■ DESCRIPTION OF THE TASK: Taking the entries below, transcribe only the lines starting with the one with "1boy 1girl absurdres" and going on through the one with "1、踏入游戏后,第一步能参与", exactly as written, without the pictures.

■ DATA SHOWN:
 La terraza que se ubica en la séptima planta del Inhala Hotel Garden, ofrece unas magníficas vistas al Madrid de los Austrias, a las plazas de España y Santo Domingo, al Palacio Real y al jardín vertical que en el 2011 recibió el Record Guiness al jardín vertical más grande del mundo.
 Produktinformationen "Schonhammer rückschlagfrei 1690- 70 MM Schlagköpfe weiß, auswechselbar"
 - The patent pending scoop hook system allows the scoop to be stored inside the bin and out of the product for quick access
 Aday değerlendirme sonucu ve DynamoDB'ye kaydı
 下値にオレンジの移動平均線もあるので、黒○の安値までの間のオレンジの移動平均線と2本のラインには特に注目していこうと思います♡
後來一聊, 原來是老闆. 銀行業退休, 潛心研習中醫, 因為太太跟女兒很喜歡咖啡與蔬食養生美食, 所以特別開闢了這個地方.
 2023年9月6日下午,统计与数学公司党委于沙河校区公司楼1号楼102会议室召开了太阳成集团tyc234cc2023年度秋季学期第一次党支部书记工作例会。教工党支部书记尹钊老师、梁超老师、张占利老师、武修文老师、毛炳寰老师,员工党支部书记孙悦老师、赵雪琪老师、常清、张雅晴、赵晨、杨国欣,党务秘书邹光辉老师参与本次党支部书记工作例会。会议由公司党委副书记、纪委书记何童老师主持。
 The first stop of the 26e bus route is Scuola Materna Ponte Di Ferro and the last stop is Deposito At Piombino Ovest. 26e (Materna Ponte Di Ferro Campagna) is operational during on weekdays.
--
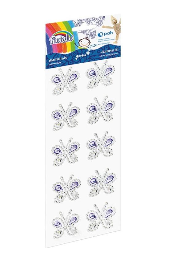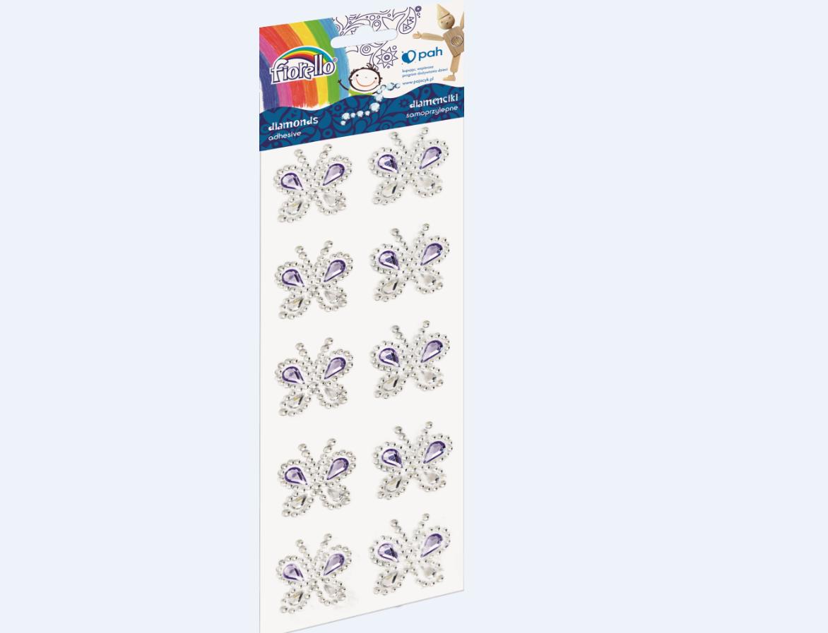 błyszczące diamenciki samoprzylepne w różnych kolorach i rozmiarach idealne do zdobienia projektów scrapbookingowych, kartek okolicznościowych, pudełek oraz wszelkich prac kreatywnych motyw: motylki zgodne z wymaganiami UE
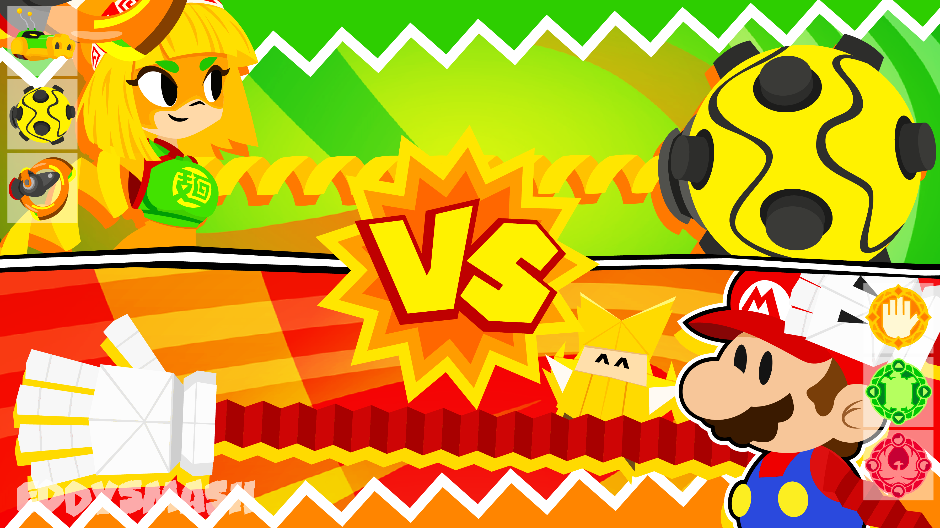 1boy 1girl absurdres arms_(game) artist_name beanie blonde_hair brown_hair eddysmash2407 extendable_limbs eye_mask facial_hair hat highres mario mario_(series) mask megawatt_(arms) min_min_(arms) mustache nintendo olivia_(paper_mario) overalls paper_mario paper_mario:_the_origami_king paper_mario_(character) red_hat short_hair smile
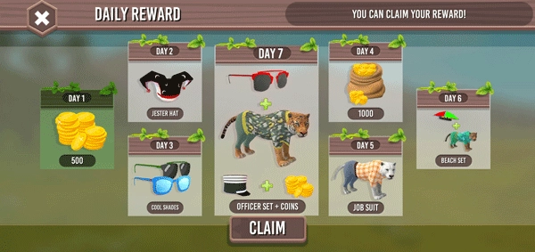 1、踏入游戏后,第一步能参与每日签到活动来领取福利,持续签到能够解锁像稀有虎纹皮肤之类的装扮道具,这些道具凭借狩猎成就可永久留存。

■ EXPECTED OUTPUT:
 1boy 1girl absurdres arms_(game) artist_name beanie blonde_hair brown_hair eddysmash2407 extendable_limbs eye_mask facial_hair hat highres mario mario_(series) mask megawatt_(arms) min_min_(arms) mustache nintendo olivia_(paper_mario) overalls paper_mario paper_mario:_the_origami_king paper_mario_(character) red_hat short_hair smile
 1、踏入游戏后,第一步能参与每日签到活动来领取福利,持续签到能够解锁像稀有虎纹皮肤之类的装扮道具,这些道具凭借狩猎成就可永久留存。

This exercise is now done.